前記決定手段は、前記他の装置を使用するユーザの嗜好性に基づいて、仮想視点画像の生成に使用される三次元形状データを決定することを特徴とする請求項１乃至１１のいずれか１項に記載の送信装置。 One of claims 1 to 11, wherein the determination means determines the three-dimensional shape data used for generating the virtual viewpoint image based on the preference of the user who uses the other device. Transmitter as described in section.

前記決定手段は、三次元形状データにより表されるオブジェクトであって、前記複数の撮影装置により撮影されるオブジェクトの注目度、及び、前記複数の撮影装置により撮影される競技に対する前記オブジェクトの関与度とのうち、少なくとも一方に基づいて、仮想視点画像の生成に使用される三次元形状データを決定することを特徴とする請求項１乃至１２のいずれか１項に記載の送信装置。 The determining means is an object represented by three-dimensional shape data, and the degree of attention of the object photographed by the plurality of photographing devices and the degree of involvement of the object in the competition photographed by the plurality of photographing devices. The transmission device according to any one of claims 1 to 12, wherein the three-dimensional shape data used for generating a virtual viewpoint image is determined based on at least one of the above.
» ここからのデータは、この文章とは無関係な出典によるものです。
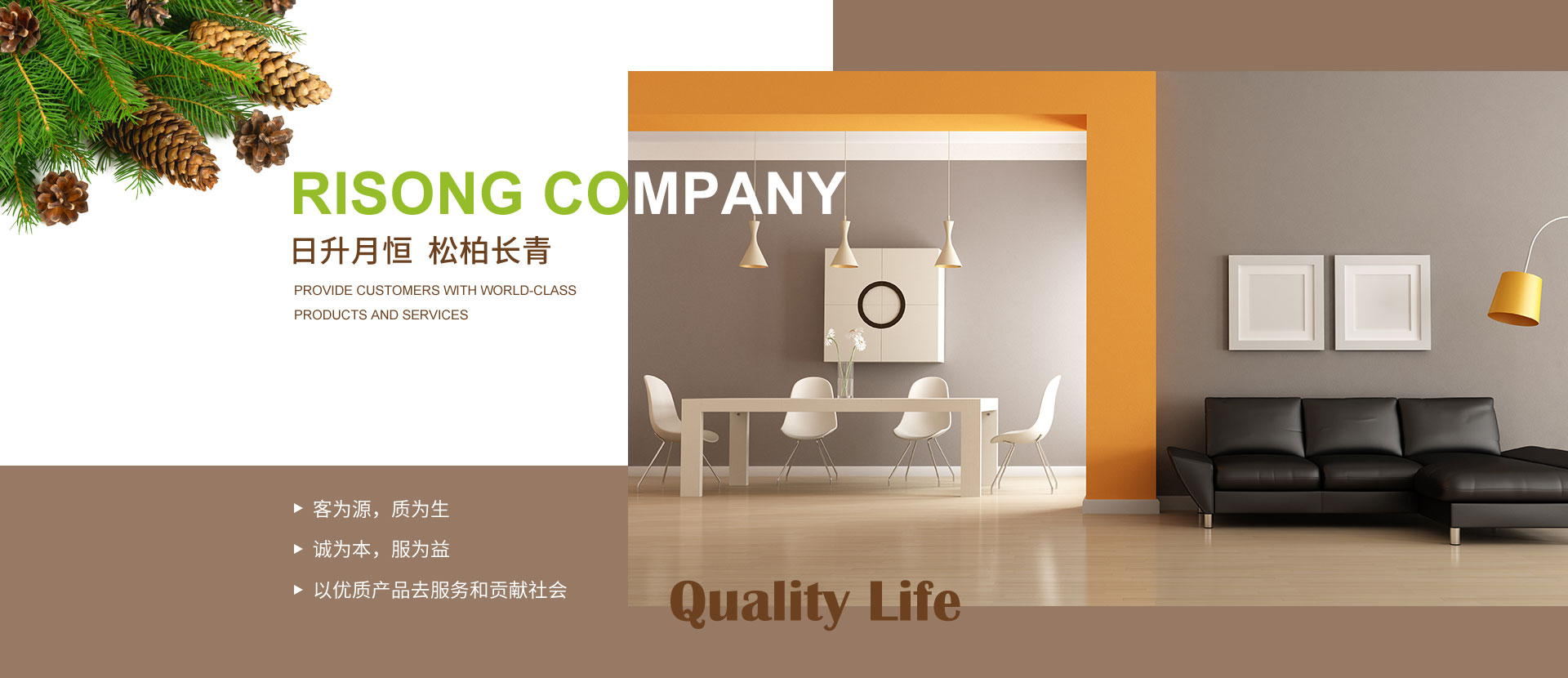 大連日松將一直秉承“以優(yōu)質(zhì)產(chǎn)品去服務和貢獻社會”的經(jīng)營宗旨;“客為源,質(zhì)為生、誠為本、服為益”的經(jīng)營理念;達到“使用者、銷售者、制造者”三者并存共榮之經(jīng)營思路;全體日松人將以“熱情、禮貌、快捷、準確”的行動指南,不懈努力的為每一位客戶,提供行業(yè)內(nèi)一流的高端、環(huán)保、舒適、健康的產(chǎn)品和細節(jié)服務,打造出適合“您”的優(yōu)質(zhì)家居住宅環(huán)境。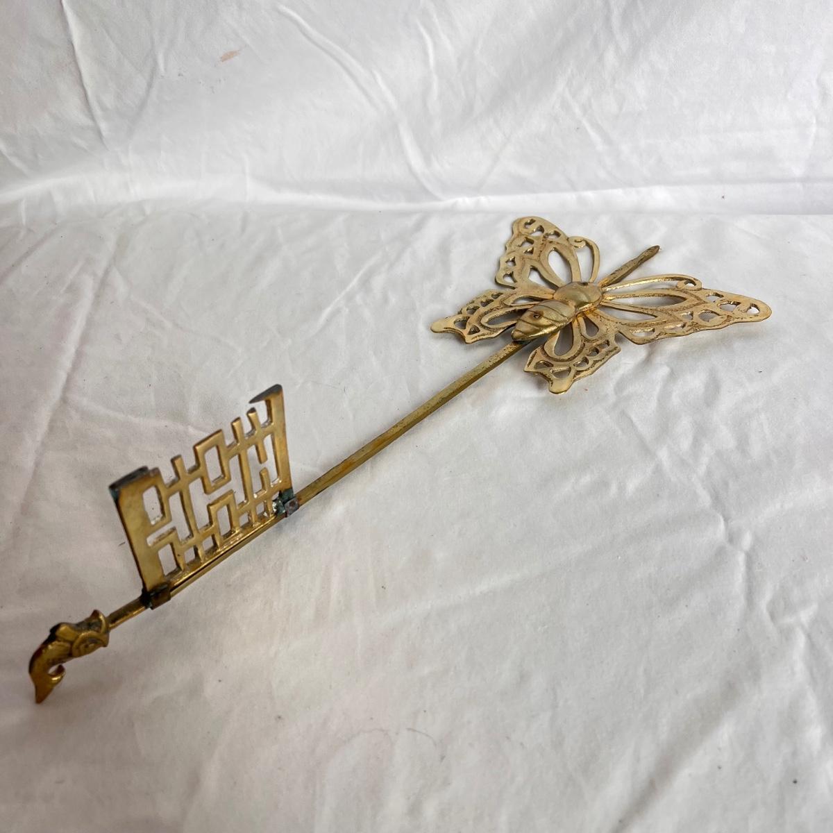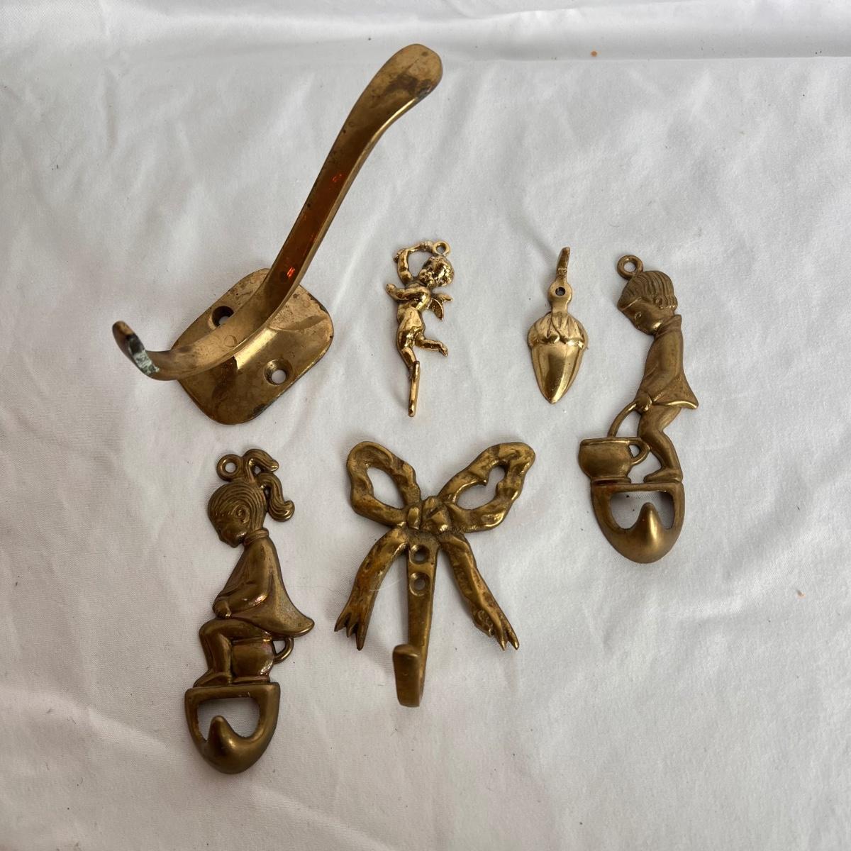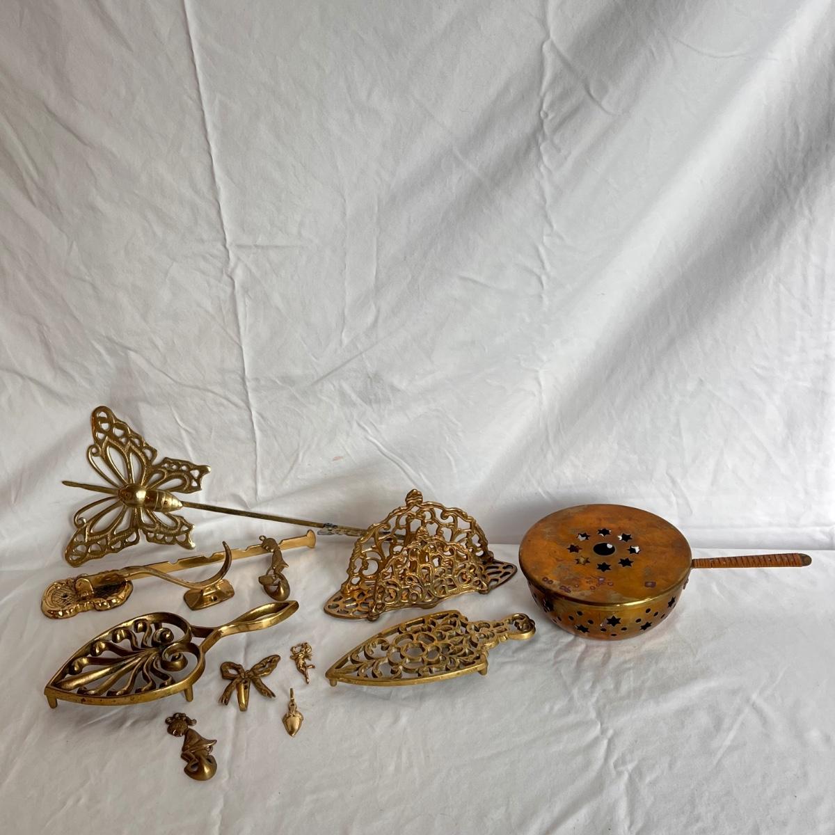 This lot includes six brass wall hooks (made in Italy, Taiwan, Japan, and India), brass incense and resin burner stamped with Christian Wagner Germany, one brass wall bracket, two iron footed trivets, one Korean brass butterfly, and one brass napkin holder. The brass acorn is the smallest wall hook, measuring .5” x 1.5”. The largest item is the brass butterfly measuring 6.5” x 2.5” x 15”H. Shipping available.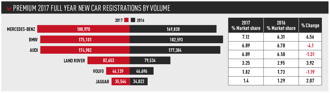 Mercedes-Benz took the UK premium brand crown in 2017 due to gains over competitors in the fleet market.

前記複数の三次元形状データは、関節及び骨格に基づいて表される三次元形状データをさらに含むことを特徴とする請求項１乃至１３のいずれか１項に記載の送信装置。 The transmission device according to any one of claims 1 to 13, wherein the plurality of three-dimensional shape data further includes three-dimensional shape data represented based on a joint and a skeleton.
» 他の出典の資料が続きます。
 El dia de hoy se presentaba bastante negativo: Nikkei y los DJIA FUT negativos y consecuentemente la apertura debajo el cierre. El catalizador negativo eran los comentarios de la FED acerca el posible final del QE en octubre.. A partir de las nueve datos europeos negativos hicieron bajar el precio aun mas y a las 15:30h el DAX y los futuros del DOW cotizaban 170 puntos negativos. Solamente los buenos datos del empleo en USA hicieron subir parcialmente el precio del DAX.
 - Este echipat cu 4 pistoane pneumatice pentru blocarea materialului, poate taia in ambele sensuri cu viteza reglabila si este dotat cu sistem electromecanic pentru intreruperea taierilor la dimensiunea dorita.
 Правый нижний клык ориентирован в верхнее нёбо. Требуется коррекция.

前記決定手段は、前記複数の撮影画像に基づいて、前記複数の三次元形状データを生成可能であることを特徴とする請求項１乃至１４のいずれか１項に記載の送信装置。 The transmission device according to any one of claims 1 to 14, wherein the determination means can generate the plurality of three-dimensional shape data based on the plurality of captured images.

前記決定手段は、
前記複数の撮影画像に基づいて、点群により表される第１の三次元形状データを生成し、
生成した前記第１の三次元形状データに基づいて、メッシュにより表される第２の三次元形状データを生成する
ことを特徴とする請求項１５に記載の送信装置。 The determination means is
Based on the plurality of captured images, a first three-dimensional shape data represented by a point cloud is generated.
The transmission device according to claim 15, wherein a second three-dimensional shape data represented by a mesh is generated based on the generated first three-dimensional shape data.

前記決定手段は、前記複数の撮影画像に基づいて、仮想視点画像の生成に使用される三次元形状データとして決定される三次元形状データを生成することを特徴とする請求項１５又は１６に記載の送信装置。 15. The determination means according to claim 15 or 16, wherein the determination means generates three-dimensional shape data determined as three-dimensional shape data used for generating a virtual viewpoint image based on the plurality of captured images. Transmitter.
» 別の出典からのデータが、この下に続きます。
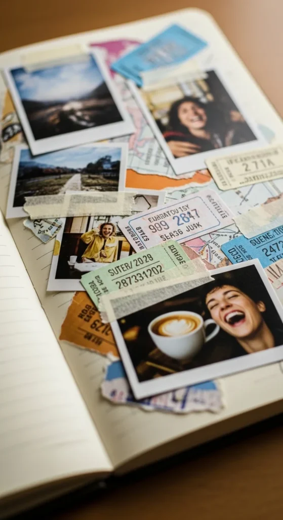 Turn your journal into a tiny scrapbook by adding real-life pieces. Tape in photos, receipts, or small paper scraps. Write short captions beside each item. This makes memories feel more alive on the page. You don’t need special tools — clear tape works fine. It’s a great way to store small keepsakes. The mix of textures makes the page visually interesting.
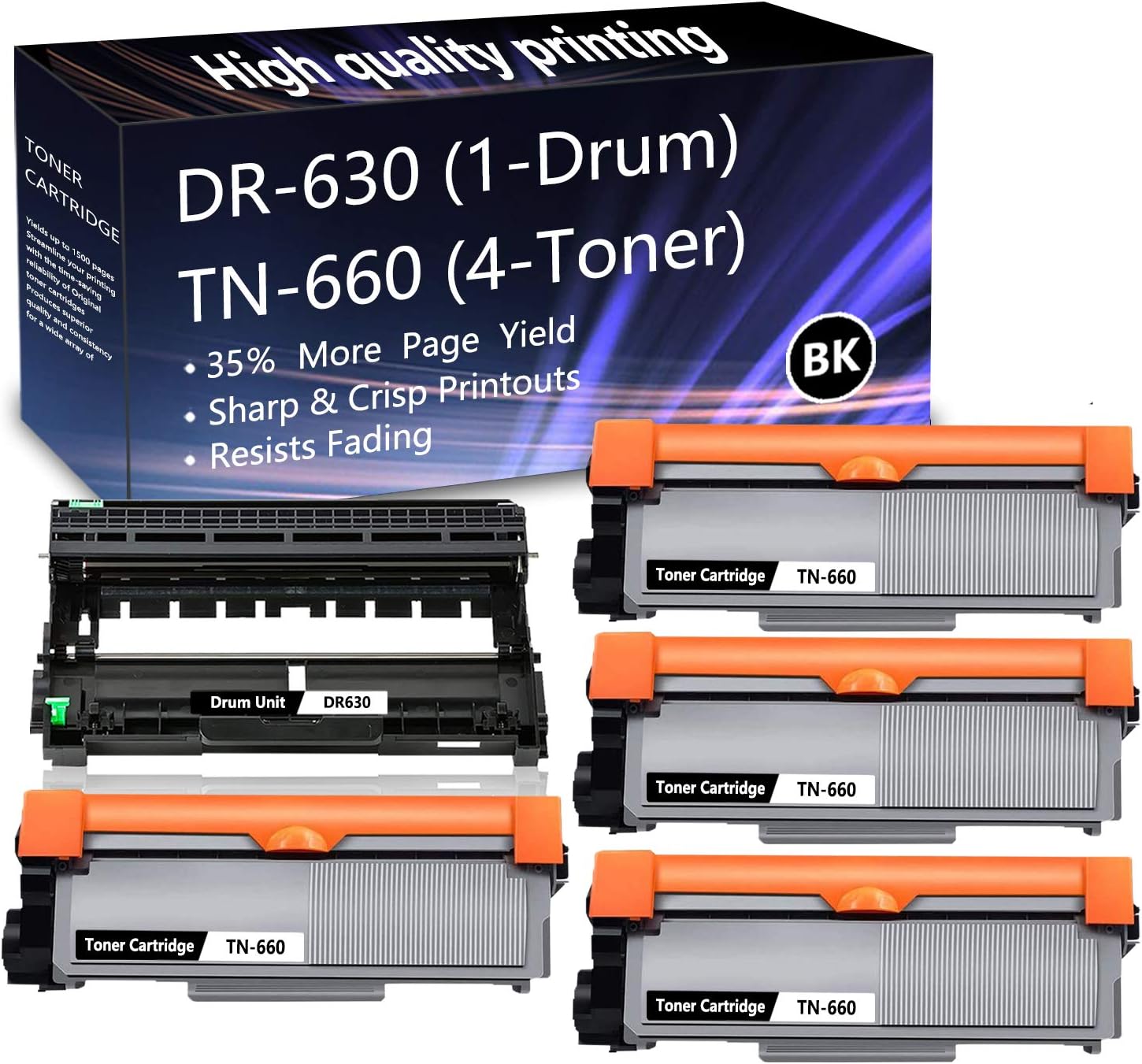 Amazon Com 5 Pack 1drum 4toner Dr630 Drum Unit And Tn660 Toner Cartridge Replacement For Brother Hl L2300d L2315dw L2360dw L2380dw Mfc L2680w L2685dw L2700dw L2740dw Dcp L25dw L2540dw Printers Office Products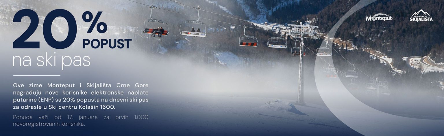 Ove zime, ENP nagrađuje tvoje putovanje! Postanite korisnik elektronske naplate putarine (ENP) i ostvarite 20% popusta na dnevni ski pas u Ski centru Kolašin 1600!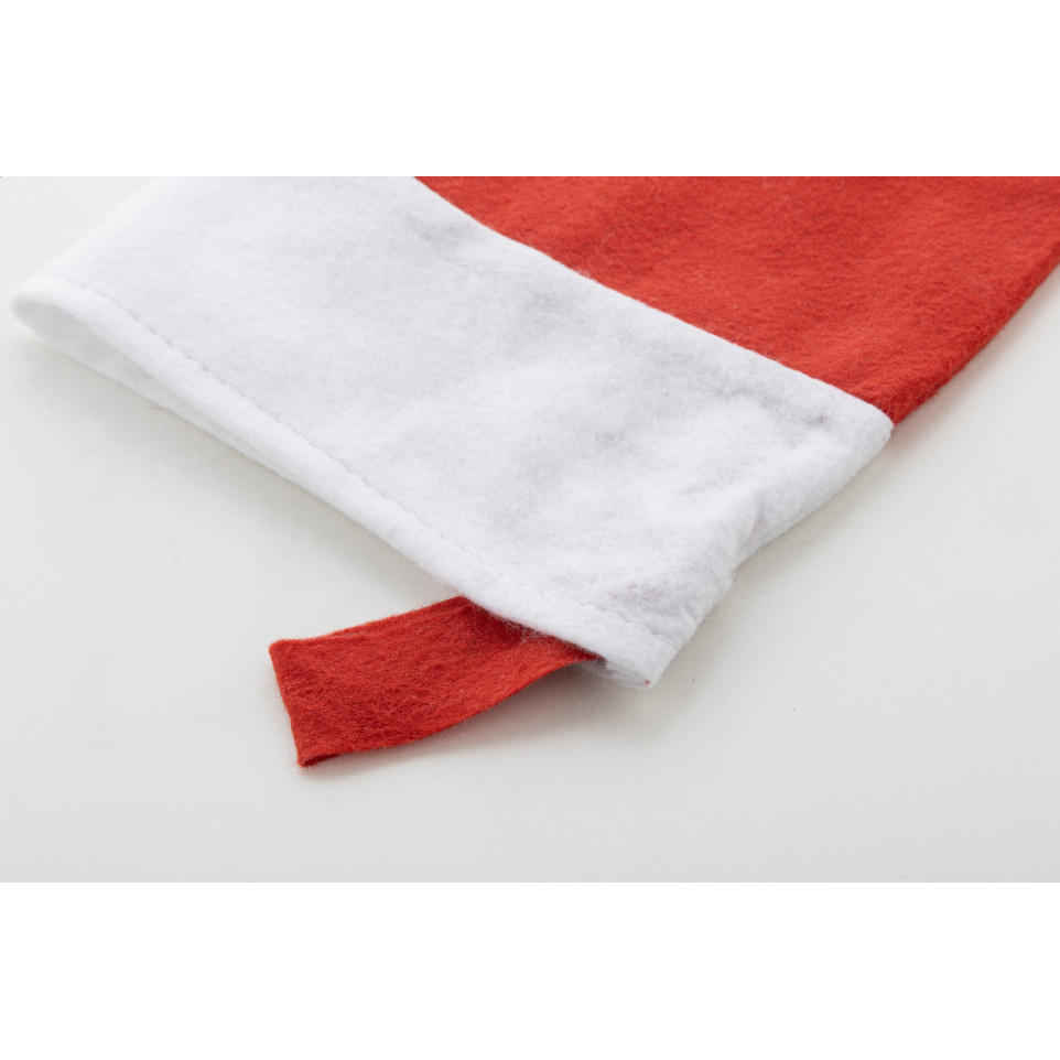 Chaussette de Noël décorative en feutrine RPET rouge, pensée pour accueillir des petits cadeaux, friandises ou messages festifs. Idéale pour la décoration intérieure, les sapins ou comme accessoire d’emballage original en période de fêtes.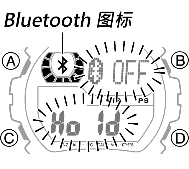 当您在医院中、飞机上或是其他禁止使用无线电信号的场所时,您可以通过在“计时模式”下按住手表的 B 按钮约 2 秒,禁用无线电信号发射功能。此操作也将使 Bluetooth 图标从手表显示屏上消失。

複数の撮影装置が行う撮影により得られる複数の撮影画像に基づいて生成される複数の三次元形状データであって、点群又はボクセルにより表される三次元形状データと、メッシュにより表される三次元形状データと、を含む複数の三次元形状データの中から、仮想視点画像の生成に使用される三次元形状データを決定する決定工程と、
前記決定工程において決定される三次元形状データを他の装置に送信する送信工程と、
を有することを特徴とする送信方法。 A plurality of three-dimensional shape data generated based on a plurality of captured images obtained by imaging performed by a plurality of photographing devices, the three-dimensional shape data represented by a point cloud or a voxel, and the third order represented by a mesh. A determination process for determining the 3D shape data used to generate the virtual viewpoint image from the original shape data and a plurality of 3D shape data including the original shape data.
A transmission step of transmitting the three-dimensional shape data determined in the determination step to another device, and
A transmission method characterized by having.

コンピュータを、請求項１乃至１７のいずれか１項に記載の送信装置として機能させるためのプログラム。 A program for operating a computer as the transmitting device according to any one of claims 1 to 17.